Similar to several acquisitions, spin offs and partnerships that we have witnessed in the chemical space in the last two years, it is quite understandable that the discussion around a possible Dow-DuPont merger and the subsequent spin-off of separate business entities is happening right now. The need of the hour for chemical companies is to have focused businesses and not exactly to be a larger entity. Both companies have been insulating their specialty markets from exposure in commodities by offloading commodity assets as recently as this year.
Coming back to the merger, the cost advantages that can be achieved in the agro business will be significant for the combined entity. Moreover, it will also be beneficial to use the strong feedstock operations of Dow and the specialty focus of both companies in such a low oil price scenario. Having said that, the synergies that the entities can immediately tap across the specialty portfolios of the companies are not as much as expected. The combined agro entity will surely become a formidable competition to the likes of companies like Monsanto, but the business and product overlap across their specialty businesses are very few. For instance, electronic and display materials is an area where the companies can potentially experience cost benefits and increased market penetration, while other markets such as safety, where Dow is not active, will not see much change.

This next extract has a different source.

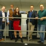 V.l.: Matthias Siegel von der Grafischen Palette, Geschäftsführer Thomas Grübner und Finanzierungsexpertin Katja Böttcher von der Elbe-Leasing, Oliver Lucas vom Vertrieb im Komori-Kompetenzzentrum der Baumann Grafisches Centrum GmbH & Co. KG und Braun-Geschäftsführer Thorsten Pauli an der neuen Komori GL-837P LED.

Similarly, at present both companies focus on areas such as polymers, elastomers, composites and photovoltaic materials, which can prove to be a game changer in those industries. As of now, Frost & Sullivan expects the merger will face regulatory hurdles across different regions as both companies have a huge global footprint. However, if the merger does go through, it is going to be a big challenge for the non-agro business entities to unlock synergistic value in the short term due to the mere size of the companies themselves and the number of varied industries they focus on.